At mile 18 I started to feel a little more confident. I knew that I could maintain the pace I was at for 8 more miles, no problem. So I decided to make a change and speed up. Rather than targeting 8:30s, I targeted the 8:20s. I monitored my HR, if it got above 155 I tried to pull back.
At mile 20 I knew it was time to start pushing. I let my HR climb in the upper 150s and I held onto my 8:20s pace range goal. Once my HR gets to the upper 150s and 160s I'm on the clock, but with 10k left it was time.
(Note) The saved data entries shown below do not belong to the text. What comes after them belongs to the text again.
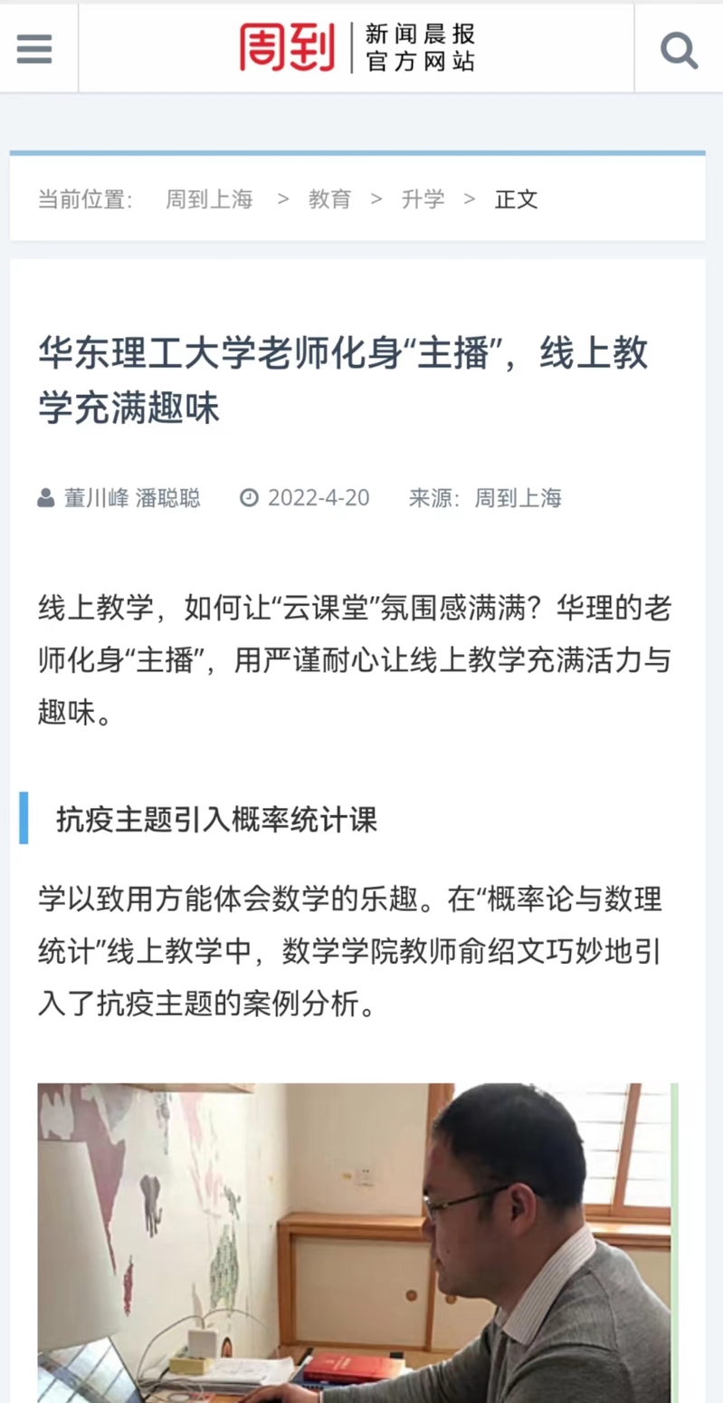 学以致用方能体会数学的乐趣,在“概率论与数理统计”线上教学中,数学学院教师俞绍文巧妙地引入了抗疫主题的案例分析。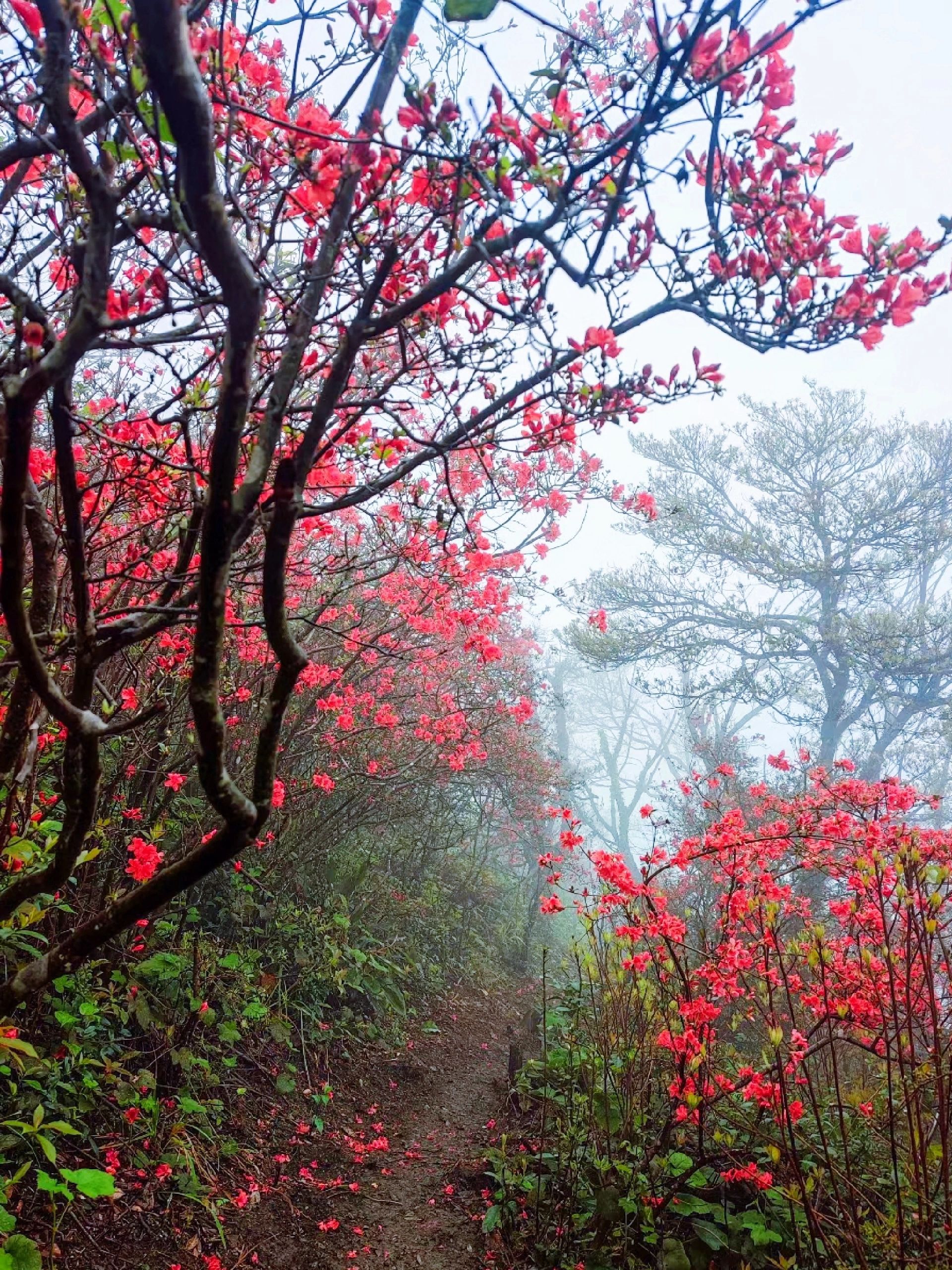 每年春天,海拔900米以上全部是杜鹃花丛点缀整个山野,似通红的蜡烛,故名“通天蜡烛”。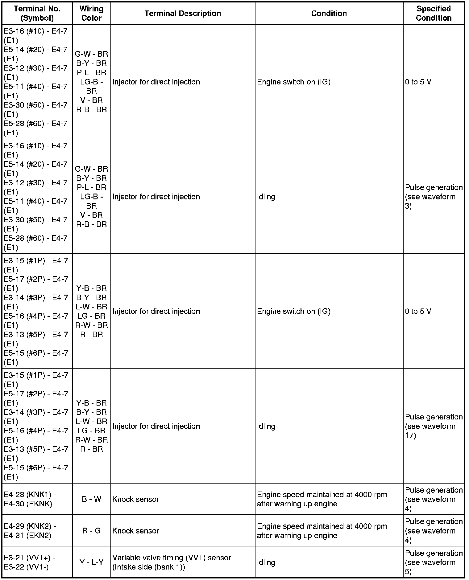 Injector for Direct Injection No. 1 (to No. 6) Injection Signal: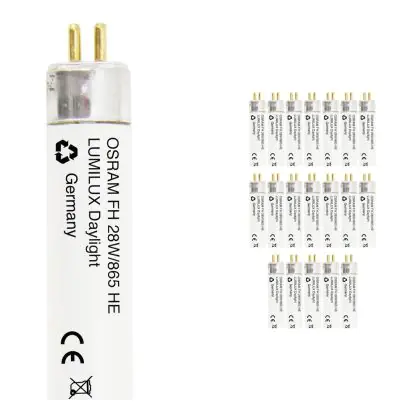 Die Mehrfachpackung 20x Osram Lumilux T5 FH HE 28W - 865 Tageslichtweiß | 115cm ist eine T5 Leuchtstoffröhre von Osram mit einer Länge von 1150 mm. Das Produkt verfügt über 2 Pins und hat einen Durchmesser von 16 mm. Die Röhre strahlt Licht in der Farbtemperatur 6500K - Tageslichtweiß aus und punktet durch eine lange Lebensdauer.

Even though I was feeling strong, there is nothing easy about running 20 miles. At this point I began to think about my wife, daughter and son. I just thought about how grateful I am for them. I repeated the mantra, "Let's be great today." And even though it was hard I kept going.
I started looking at the total time on a second data screen on my watch and I knew that a lot of my friends had finished or were about to finish the race - fast friends. I took strength from that knowledge and continued.
At mile 23 I thought about my friend Yu, who had completed the race by that time, but told me to think about him during that mile. He's an experienced marathoner and I took strength from my relationship with him and his amazing story.
At the mile 24 marker I caught back up with the 3:45 pacing group and blew by them. At that point I was going 10 seconds per mile faster then them. They were slowing down. I was speeding up.
The final two miles were all about slowly and carefully increasing the effort. I traded more HR for speed. My HR at that point was in the low 160s and my pace was in the 8:00-8:20s.
In the final stretch I felt real tired. It felt like I was slowing down, but I was actually continuing to speed up. My vision was blurred.
I saw my buddy Eric cheering for me. I knew it was time to really go. I put the hammer down and really started to run. With less than a quarter mile remaining I was willing to trade it all for every second I could get.
When I finished, I felt great. I knew I executed my plan.
After some recovery, I'll start training again. I'm going to break my training down into 7 week cycles with two down weeks and a 5k time trial week. The time trial results will guide the paces I use in the subsequent cycle.
In May I'd like to pace the 4:15 group at the Colfax Marathon. Then I'd like to make the Boulder Boulder my big spring race - maybe aim for a 45 minute finish.
In October, I think I'd like to run the Boulderthon again, but I'll treat it as a supported training run.
In December 2024, I'll run the California International Marathon again, but faster.